5.       Institutions.  The legislation does not address the failures at Fannie Mae and Freddie Mac, institutions that formerly operated with an implicit government guarantee and were taken over by the government in 2008.  Henry Paulson, interviewed in today’s New York Times, said, ““The root causes of all this are housing policies — not just Fannie and Freddie,” he said, referring to the giant mortgage companies. “That hasn’t been dealt with.””  The Act does address the credit rating agencies, though the regulations may be too little, too late.  William Gross, the iconic investment manager and co-founder of PIMCO said that the NRSROs  “’no longer serve a valid purpose for investment companies free of regulatory mandates’ and urged investors to dismiss their judgments.” 

6.       Too big to fail.   The Act takes no position on busting up banks that are so big that their failure would endanger the stability of the financial system.  But the Act implicitly defers to the regulators’ powers to dictate reserve requirements and require the orderly dissolution of insolvent banks.

Any fence has its own limitations.  On many of the items listed above, Dodd-Frank grants significant rule-making discretion to regulators.  In one respect, it is fortunate that Congress chose not to micro-manage an incredibly complex system.   Even Barney Frank told NPR today, “”If you do it too inflexibly, you’re inviting the businesses to get around you.
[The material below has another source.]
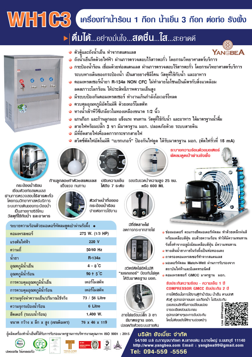 รายละเอียดการสั่งซื้อตู้ทำนํ้าร้อน น้ำเย็น WH1C3 (น้ำร้อน 1ก๊อก น้ำเย็น 3ก๊อก) สแตนเลส แบบต่อท่อ ระบายความร้อนด้วยพัดลมดูดเป่ารังผึ้ง

You need to give the regulators discretion. And people said, ‘What’s the guarantee that this discretion bodes well?’ And the answer is: In democracies, there are no guarantees. Elect good people.”

Might those regulators themselves become victims of “regulatory capture,” the co-opting of regulators by those they must regulate?  Much of the mentality of successful entrepreneurs and business people is aimed at surmounting obstacles in order to grow a business and fulfill its mission.  They will accept the laws and regulations as a constraint and then optimize within and around those bounds.  But the bounds are bounded: the regulations cannot anticipate the ingenuity of business people in the future.  I have sounded similar concerns before (see this, this, this, and this.) 
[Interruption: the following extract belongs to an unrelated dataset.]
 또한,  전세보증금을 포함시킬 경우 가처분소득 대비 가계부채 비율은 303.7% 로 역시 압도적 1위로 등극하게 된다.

Above all, this legislation will not “fix” the problem of panics, crashes, and financial system instability.  The authors of The Squam Lake Report suggest that there may be no “fix”: “The economic hardships triggered by the World Financial Crisis have caused government officials and citizens around the world to demand regulatory reforms that will prevent financial crises.  There is no reasonable way to accomplish this goal.  Financial crises have recurred throughout modern history.  …We expect that financial crises will continue to happen for centuries into the future.  Our goal is not to prevent such crises but to reduce their frequency and severity.” [2]  Similarly, Roubini and Mihm wrote, “Far from being the exception, crises are the norm, not only in emerging but in advanced industrial economies.  Crises—unsustainable booms followed by calamitous busts—have always been with us, and with us they will always remain.” [3]

It is said that most dieters successfully lose some pounds—and eventually regain them.  For a person to shed weight and keep it off requires not merely the gimmick of the diet, but actually a transformation of one’s lifestyle, an internal discipline, a wall.  Most dieters aren’t willing to give up the way they used to live: too much food, too little exercise.  They circumvent the wall.  Like the overweight dieter, America is carrying too much debt, is running a negative trade balance, has huge fiscal deficits, and hopes that the dollar will continue to be the stable reserve currency of the world.  The Dodd-Frank Act may have some modest impact on our national health.  But in order for us to avoid the kind of financial instability we’ve just lived through, we’ll have to change our lifestyle: save more, consume and import less, retire later, and for a while, endure more unemployment and perhaps pay more taxes.  Whether Americans have the discipline for this is the main question.  Something there is that doesn’t love a wall.